▸ Activity: Return all of the data exactly, omitting any images.

Data section section start

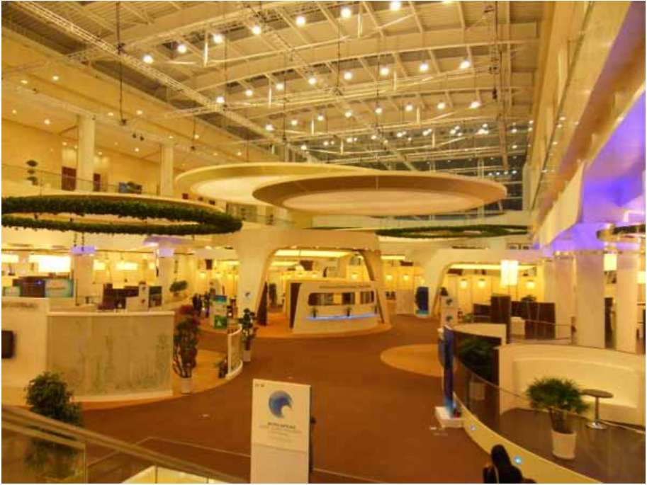
UNFCCC Climate Change Conference - Meijiang International Centre in Tianjin, October 2010

a somewhat painful experience for most participants, including China and Chinese NGOs, the UN conferences in 2010 were more rewarding.
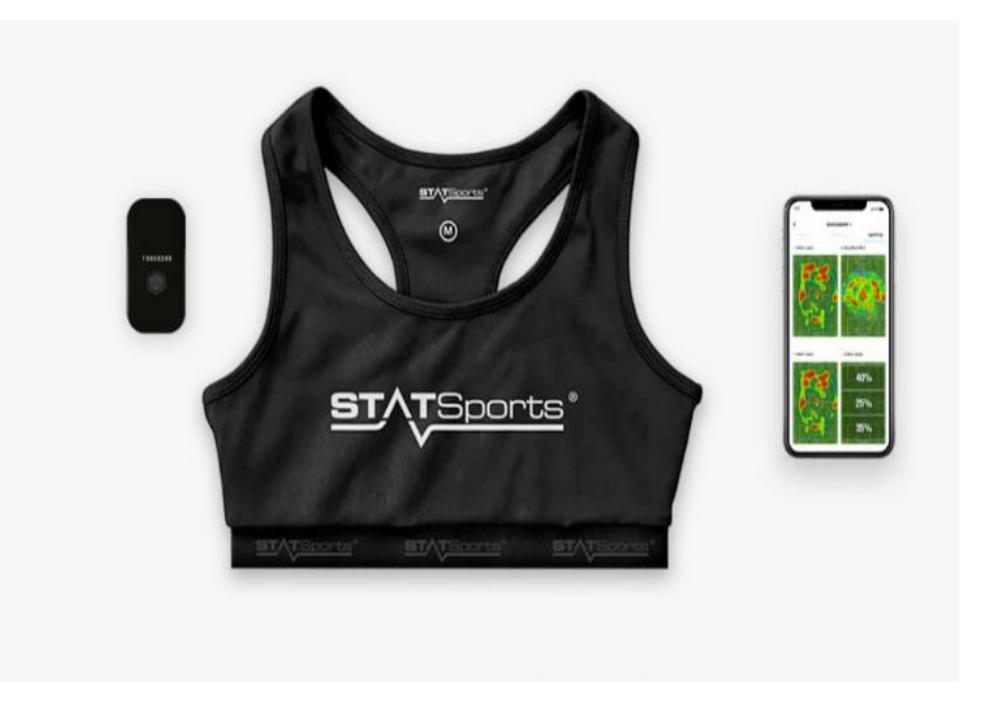
Figure 2. GPS enabled Athlete tracker

Barbu et. al (2018), the study of sports equipment, whether for recreational or competitive use, has emerged as a burgeoning field of applied research. Professional-grade equipment, with its emphasis on both functionality and sensory comfort, has increasingly taken on the role of a fashionable accessory. Its aesthetic appeal can wield a psychological influence that may affect the outcome of a competition. This paper proposes an examination of how manufacturing technologies employed in sports equipment production impact performance, employing a SWOT analysis to delineate the strengths, weaknesses, opportunities, and threats associated with a specific type of equipment. Furthermore, a case study is presented with the objectives of assessing equipment comfort attributed to finishing technologies and evaluating the visual impact of color choices. Statistical analysis will be utilized to process the study's findings, with the resulting conclusions providing valuable insights for selecting equipment conducive to achieving high-performance results.[2]

Data section section end

▸ Problem solution:
UNFCCC Climate Change Conference - Meijiang International Centre in Tianjin, October 2010

a somewhat painful experience for most participants, including China and Chinese NGOs, the UN conferences in 2010 were more rewarding.
Figure 2. GPS enabled Athlete tracker

Barbu et. al (2018), the study of sports equipment, whether for recreational or competitive use, has emerged as a burgeoning field of applied research. Professional-grade equipment, with its emphasis on both functionality and sensory comfort, has increasingly taken on the role of a fashionable accessory. Its aesthetic appeal can wield a psychological influence that may affect the outcome of a competition. This paper proposes an examination of how manufacturing technologies employed in sports equipment production impact performance, employing a SWOT analysis to delineate the strengths, weaknesses, opportunities, and threats associated with a specific type of equipment. Furthermore, a case study is presented with the objectives of assessing equipment comfort attributed to finishing technologies and evaluating the visual impact of color choices. Statistical analysis will be utilized to process the study's findings, with the resulting conclusions providing valuable insights for selecting equipment conducive to achieving high-performance results.[2]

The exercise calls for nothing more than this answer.